====== Entries supplied ======

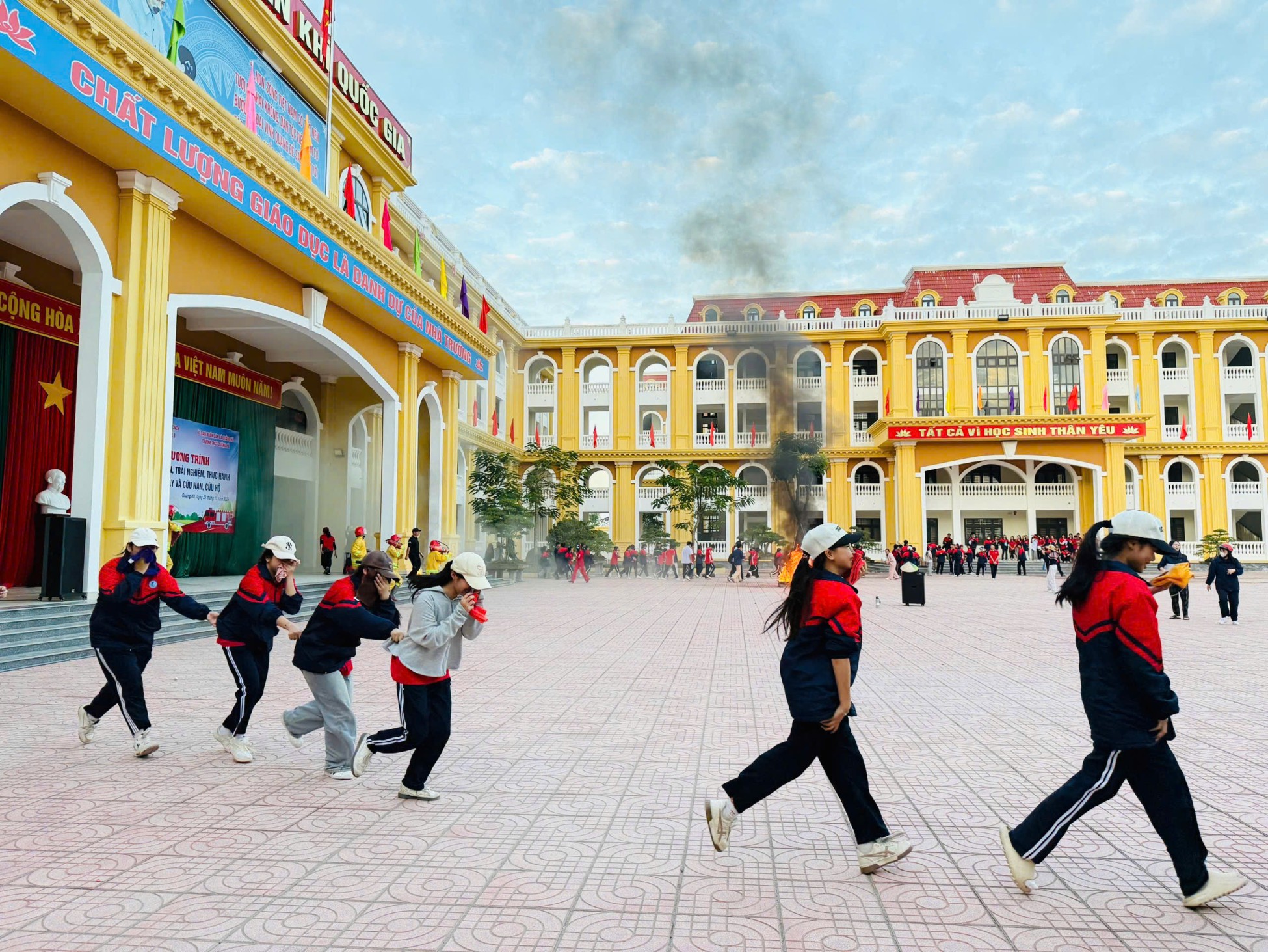 Các giáo viên, học sinh được trải nghiệm kỹ năng thoát hiểm, xử lý tình huống giả lập, góp phần hình thành phản xạ nhanh nhạy, bình tĩnh khi gặp sự cố.
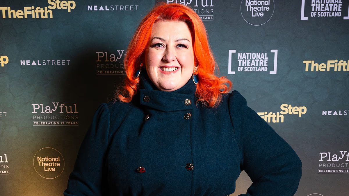 Michelle McManus hace alarde de su increíble novena pérdida de peso con un elegante abrigo azul marino en el estreno de Fifth Stage en Edimburgo
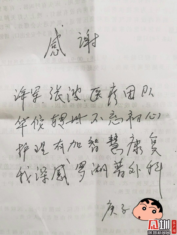 深圳新聞網(wǎng)訊(見圳客戶端、深圳新聞網(wǎng)記者 郭含笑 通訊員 許陽)日前,羅湖醫(yī)院普外科收到了一封來自患者的親筆感謝信,雖然用紙普通,內(nèi)容簡(jiǎn)單,但字里行間無不流露出寫信人的感激之情。
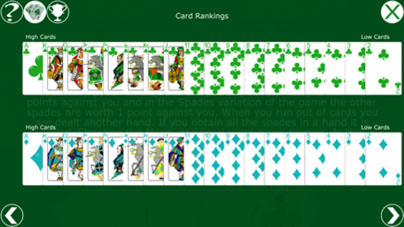 If you obtain all the spades in a hand it is called 'Shooting the Moon' and your score drops to zero. At the beginning of each hand the player pass their three worst cards to their neighbour. Aces and King are the worst cards.
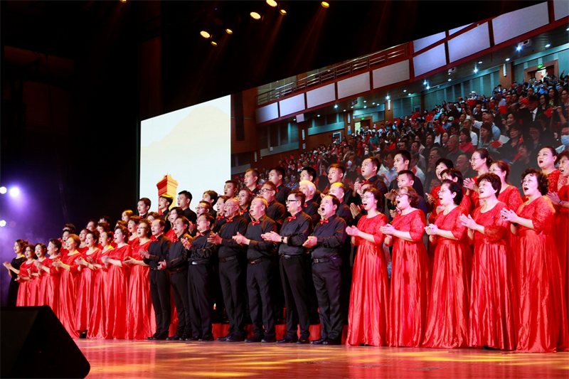大合唱《我把太陽迎進祖國》,氣勢恢宏,歌聲嘹亮。混聲小合唱《日月同光》、女聲小合唱 《微山湖》、男聲五重唱《彈起我心愛的土琵琶》、小合唱《我和我的祖國》,男女聲二重唱《領航》,歌聲委婉,情深意長。告訴我們,無論時間多么漫長,中國共產黨都在我們身旁,相依相戀,為我們指引方向。江山就是人民,匯成胸中景象,為了千秋偉業,為了時代華章,前赴后繼,鑄就輝煌,偉大的中國共產黨,風華正茂,山高水長,昂首挺立在新時代的征程上。
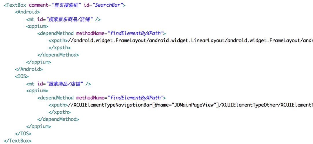 其中dependMethod为控件查找方式,内嵌元素为查找的值。由于在编写操作方法时引用的是自定义ID,且ID不会改变。所以在Operation层封装的所有操作是不会因为控件改变而修改代码的。一对一的关系即:控件修改 —> xml配置修改。
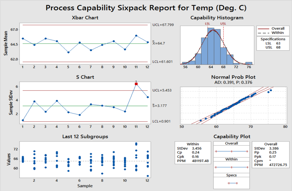 If our data fits satisfactorily with Normal curve model, then we use this model to calculate Process Capability. We here discuss three methods of calculating process capability, viz., Defects Per Million Opportunities (DPMO), Process Capability Index – Corrected Process Capability Index (Cp & Cpk) and Standard Normal Approximation method. We learn all these tests in the Minitab Training.
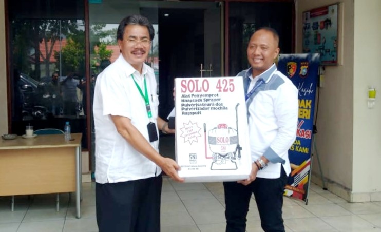 Penyerahan 100 set alat semprot disinfektan ini diserahkan langsung oleh Ketua APHI Komda Riau Muller Tampubolon beserta jajaran pengurus APHI lainnya bertempat di Gedung Krimsus Polda Riau, Jalan Gajah Mada Pekanbaru.
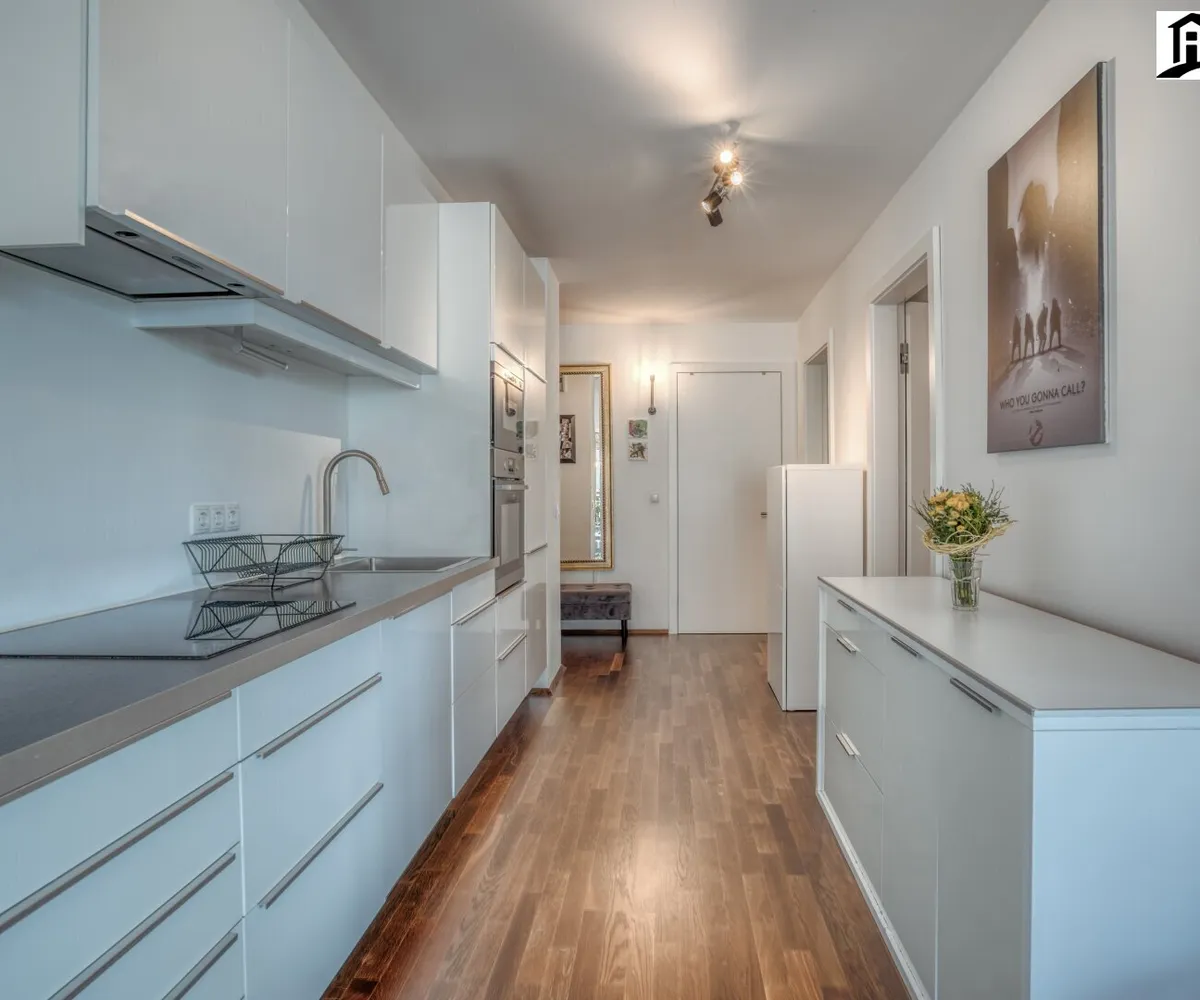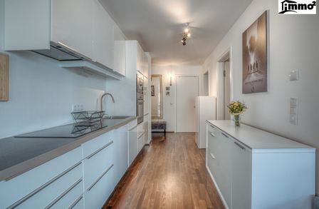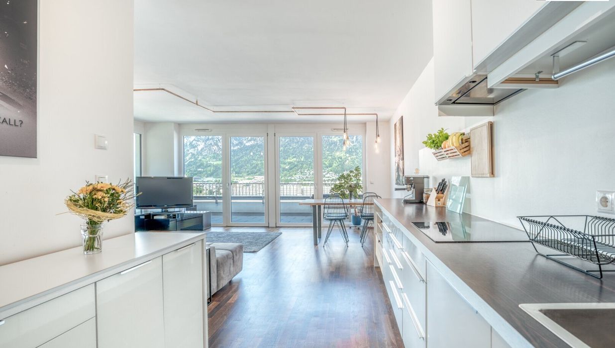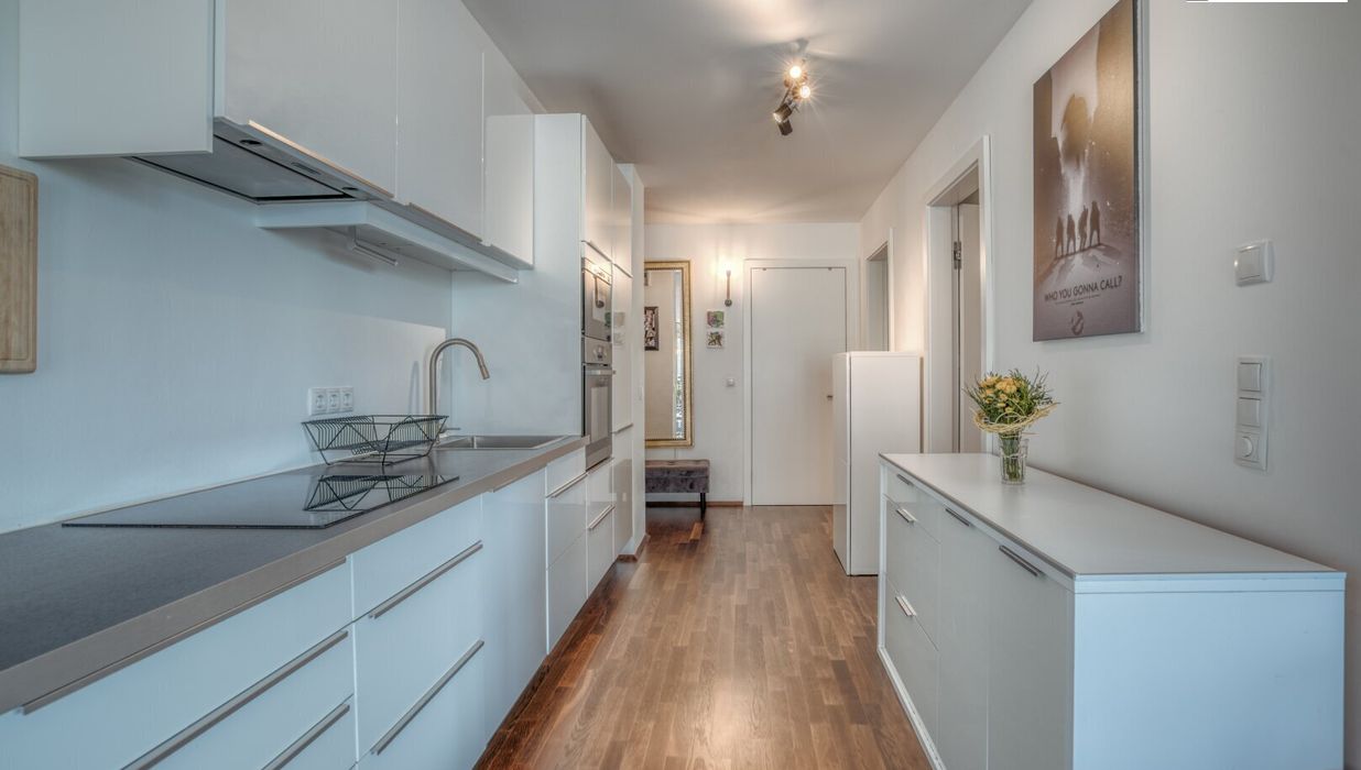 Die zeitlos gestaltete Küche fügt sich harmonisch in den offenen Wohnbereich ein. Beheizt wird die Wohnung über eine

======

**Problem description**
Extract, word for word, every line from the one containing "Penyerahan 100 set" to the end of the data above, both ends included, and leave out the pictures.

**Completed exercise**
 Penyerahan 100 set alat semprot disinfektan ini diserahkan langsung oleh Ketua APHI Komda Riau Muller Tampubolon beserta jajaran pengurus APHI lainnya bertempat di Gedung Krimsus Polda Riau, Jalan Gajah Mada Pekanbaru.
 Die zeitlos gestaltete Küche fügt sich harmonisch in den offenen Wohnbereich ein. Beheizt wird die Wohnung über eine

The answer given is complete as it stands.